In the years since Feres was established, it has been broadly applied to training incidents, sexual assault, and medical malpractice, and its use in instances that take place far from combat zones — such as a stateside hospital where both civilians and service members are treated — raise questions about what are considered acceptable risks of military service in the eyes of the law.
The Feres Doctrine has faced criticism from legal experts, veterans advocates, lawyers, and even federal judges over what many see as a double standard: One set of rules for civilians, and one for service members in cases where victims seek monetary damages.
For example, if a service member and a military dependent go to the same on-base hospital, receive the same treatment from the same military doctor, and the same mistakes are made in each case, the law treats them differently: The service member would be barred from suing the military, while the civilian dependent would be allowed to.
“There’s an inequity for military service members and their families, and this is another perfect example of how this outdated doctrine is constantly used to bar claimants and their family’s claims,” Daniel Maharaj, an attorney with Whistleblower Law Firm told Task & Purpose.
Because it is a Supreme Court precedent, the Feres Doctrine can only be changed two ways: Either the Supreme Court could overrule the initial decision — and there’s currently a petition to hear a Feres case in the nation’s highest court; or the rule could be changed with a legislative fix in Congress.
As it stands, military medical malpractice cases are practically unwinnable in a courtroom due to the Feres Doctrine. The only real chance of winning a lawsuit rests in the nation’s highest court — which may not even hear it, given that the Supreme Court only take on about 80 of the 7,000 to 8,000 cases submitted each term.
And it’s a process that often takes years.
“I look at it as ‘there’s several ways to skin a cat,’ Natalie Khawam, the president and founder of Whistleblower Law Firm, and one of the attorneys representing Seals, told Task & Purpose.
“You go the direct course, and go all the way to the Supreme Court,” she continued. “And that’s an ideological way to do it, but it’s not efficient, unfortunately. It’s very time consuming and takes several years.”
However, Khawam said there’s a second approach: “the court of public opinion… so that taxpayers can make a change.

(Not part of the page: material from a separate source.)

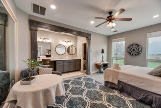 Prime opportunity to own land in Texas, with remarkable potential for land development and passive income stream using established structures on the property. The newly renovated, 5,486 sqft bardnominum on-site features a guest suite, event space, and commercial kitchen that is currently used as a wedding and event venue. This ideal spot can be utilized immediately to generate income. With 3 unfinished cabins and 1 cottage, potential rental opportunities are available or could be used as part of a retreat facility, glamping resort, and more. 67 acres of rolling hills and stunning views are the perfect place for a commercial venture or even an equestrian. Aside from established structures, there is plenty of developable land for further builds if needed.

They can contact their congressmen and their senators, and tell them Feres is unfair and unjust and demand a change to the law.”
Which, she said, is what will ultimately prompt Congress to act and propose new legislation.
But in the meantime, medical malpractice victims in the military are still left with little recourse.
“They have no voice,” Seals said of military medical malpractice victims. “They cannot say, ‘I’m being mistreated.’ They also don’t have the option to go seek medical care elsewhere.”
“They basically signed their life over to the government and the government is supposed to take care of them as best they can and they’re not,” she added. “They have stripped them of their voice. They have stripped them of their rights.”